Un conflicto por el poder, protagonizado por personajes de perfiles shakesperianos y de intensas características literarias como Álvaro de Luna, el marqués de Villena, Enrique IV, Beltrán de la Cueva, el almirante Enríquez, el marqués de Santillana, el obispo Alfonso Carrillo, Juan II, la princesa Isabel o su hermano el príncipe Alfonso. Pero, por encima de todos, los Infantes de Aragón, esa saga familiar que no ha tenido la suerte literaria ni cinematográfica –¿qué hubieran hecho con ellos Laurence Olivier o Kenneth Branagh?– que sus equivalentes ingleses de la época. Hijos del rey de Aragón que era también infante de Castilla, Fernando de la Cerda, primos y cuñados del rey castellano Juan II, y dos de ellos, Alfonso y Juan, también reyes de Navarra, Aragón y Nápoles, en realidad actuaron como lo que eran desde sus orígenes: unos grandes de Castilla. Cualquiera de los infantes, hubiera podido protagonizar alguno de los dramas históricos de William Shakespeare, desde el más impetuoso Enrique a los más discretos Sancho y Pedro, sin olvidar a las dos reinas María de Castilla y Leonor de Portugal, pasando por esos dos personajes que bien pudieron ser modelo de príncipe para Maquiavelo, como Alfonso y Juan, padre del futuro Fernando el Católico.

Las palabras de Ricardo III o, si se prefiere, Gloucester, en su obra correspondiente –“¡En marcha, en marcha, puesto que estamos en armas!, si no para combatir a los enemigos extranjeros, al menos para reprimir las rebeliones”– las podría haber puesto Lope de Vega boca de cualquier personaje de un drama dedicado a la inacabable guerra civil castellana. Al contrario del dramaturgo inglés, que crea una obra notable a partir del conflicto de las Dos Rosas, nadie en la España del Siglo de Oro, ni siquiera Lope de Vega, creador del drama histórico, se interesa con semejante intensidad por esa aventura tan literaria como que es el conflicto castellano del siglo XV, una centuria en la que confluyen modernidad renacentista y tradición medieval.
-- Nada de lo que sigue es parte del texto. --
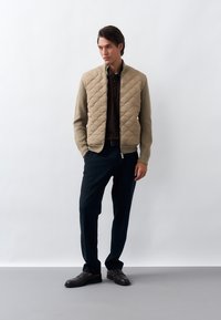 Mężczyzna w pikowanej jasnobrązowej kurtce z dzianinowymi rękawami, pod którą ma ciemnobrązową koszulkę polo, oraz w granatowych spodniach, stoi na tle jednolitego białego tła.
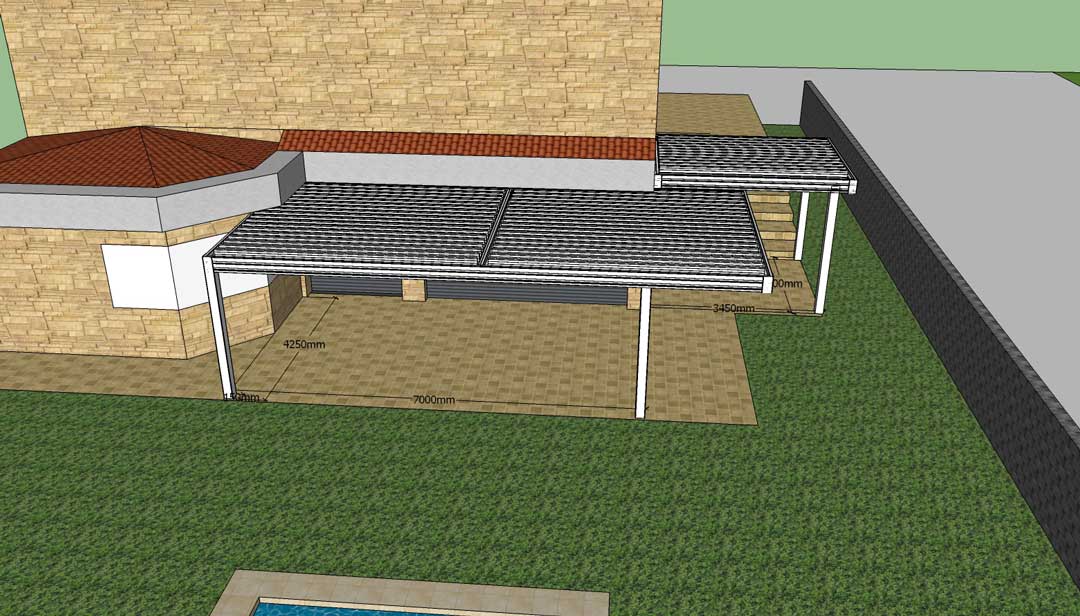 Nuestro departamento de i+D nos plantea una solución viable para este proyecto que es dotar a la pérgola de una distancia entre pilares de 7000 mm y sumarle un vuelo de viga que contrarreste “el flexe” que dicha distancia genera en la viga frontal.

Y eso que fueron varias las obras que Lope situó en los últimos siglos medievales, en las que destaca la figura trágica y bien considerada, de Pedro I, que tanto le atrajo y que ciertamente tiene rasgos shakesperianos. También se acercó al reinado de Enrique III, en el que se desarrolla Peribáñez, y después al de los Reyes Católicos, donde se desarrolla Fuenteovejuna. Entre ambos, es decir el largo Cuatrocientos, nada, ni un solo drama. Quizás la ausencia de las luchas dinásticas y nobiliarias en la obra de Lope obedeciera a la inconveniencia que suponía revelar el desprestigio y debilidad a la que había llegado el poder real en la época de últimos Trastámara castellanos y a recordar la importancia de la nobleza, siempre levantisca, como comprobaría poco después Felipe IV. Y es que, como en su día mostró el inolvidable José Antonio Maravall, el teatro español del Siglo de Oro fue un instrumento de fortalecimiento tanto de la figura regia, que acabó convirtiendo a Felipe IV en Rey Planeta, como del Catolicismo, cuya defensa era el centro de la política hispana. La historia, como señala la tradición, estaba para proporcionar modelos a imitar. En Inglaterra, aunque la figura del rey del momento era tan indiscutida como el poder de la nobleza, las cosas eran de otra manera, tanto que permitían convertir a sus antepasados en personajes de un drama.